The giddy, money-drenched, choreographed carnival in Tampa and the one coming up in Charlotte divert us from the real world—the one steadily collapsing around us. The glitz and propaganda, the ridiculous obsessions imparted by our electronic hallucinations, and the spectacles that pass for political participation mask the deadly ecological assault by the corporate state. The worse it gets, the more we retreat into self-delusion. We convince ourselves that global warming does not exist. Or we concede that it exists but insist that we can adapt. Both responses satisfy our mania for eternal optimism and our reckless pursuit of personal comfort. In America, when reality is distasteful we ignore it. But reality will soon descend like the Furies to shatter our complacency and finally our lives. We, as a species, may be doomed. And this is a bitter, bitter fact for a father to digest.
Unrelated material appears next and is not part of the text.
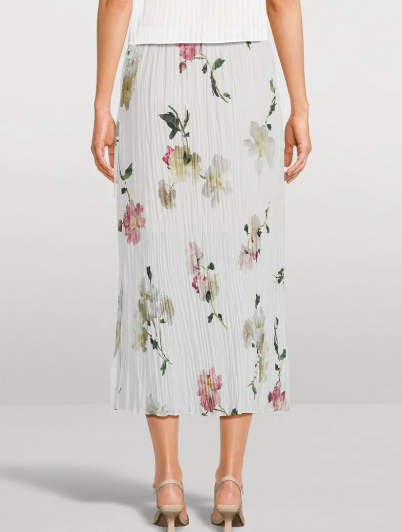 A bouquet in the Vince studio planted the seeds for this side-tie midi skirt. The bunch was photographed and printed atop lightweight crêpe de Chine, finished with a crushed texture for added dimension.

My family and I hike along the desolate coastline of an island in Maine that is accessible only by boat. We stop in the afternoons on remote inlets and look out across the Atlantic Ocean or toward the shoreline and the faint outline of the Camden hills. My youngest son throws pebbles into the surf. My daughter toddles over the rounded beach stones holding her mother’s hand. The gray and white seagulls chatter loudly overhead. The scent of salt is carried by the wind. Life, the life of my family, the life around me, is exposed at once as fragile and sacred. And it is worth fighting to save.
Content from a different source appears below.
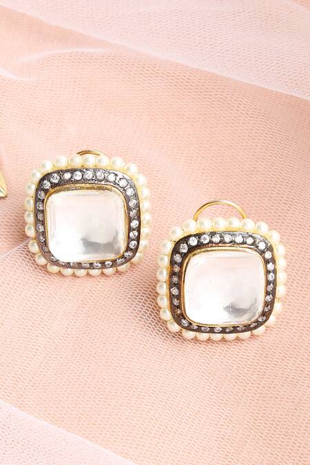 Silver toned geometric carved stud earrings featuring kundan and pearl embellishments

When I was a boy and came to this coast on duck hunting trips with my uncle, fishing communities were vibrant. The fleets caught haddock, cod, herring, hake, halibut, swordfish, pollock and flounder. All these fish have vanished from the area, victims of commercial fishing that saw huge trawlers rip up the seafloor and kill the corals, bryozoans, tubeworms and other species that nurtured new schools of fish. The trawlers left behind barren underwater wastelands of mud and debris. It is like this across the planet. Forests are cut down. Water is contaminated. Air is saturated with carbon emissions. Soil is depleted. Acidity levels in the oceans skyrocket. Atmospheric temperatures soar. And someone, somewhere, makes obscene sums of money from it. Corporations, indifferent to what is sacred, see the death of the planet as another investment opportunity. They are scurrying to mine the exposed polar waters for the last vestiges of oil, gas, minerals and fish. And since the corporations dictate our relationship to the ecosystem on which we depend for life, the chances of our survival look bleaker and bleaker. The final phase of 5,000 years of settled human activity ends with collective insanity.
“All my means are sane,” Captain Ahab says of his suicidal pursuit of Moby-Dick, “my motive and my object mad.”
The ocean floor off the coast of Maine, which this summer has seen a staggering five-degree rise in water temperature, is now covered in crustaceans—lobsters and crabs—that no longer have any predators. The fish stocks have been killed for profit. This crustacean monoculture carries with it the fragility of all monocultures, a fragility that corn farmers in the Midwest also have experienced. Lobsters provide 80 percent of Maine’s seafood income. But how much longer will they last? When a diverse and intricately balanced biosystem is wiped out, what future is there? After you dismantle nature and throw away the parts, what happens when you desperately need to put them back together? And even if you can nurture back to life the fish stocks decimated by the commercial fleets, as valiant organizations such as the Penobscot East Resource Center are attempting to do, what happens when sea temperatures and acidity levels continue to rise amid global warming, dooming most life in the oceans?
The warmer water this year caused lobsters to shed six weeks earlier than usual. What happened to the sea further south is now happening off New England. Long Island Sound, two decades ago, had an abundance of lobsters. Then as the water heated up they disappeared. They fell prey to parasite infestations and shell disease, and the survivors migrated to colder water.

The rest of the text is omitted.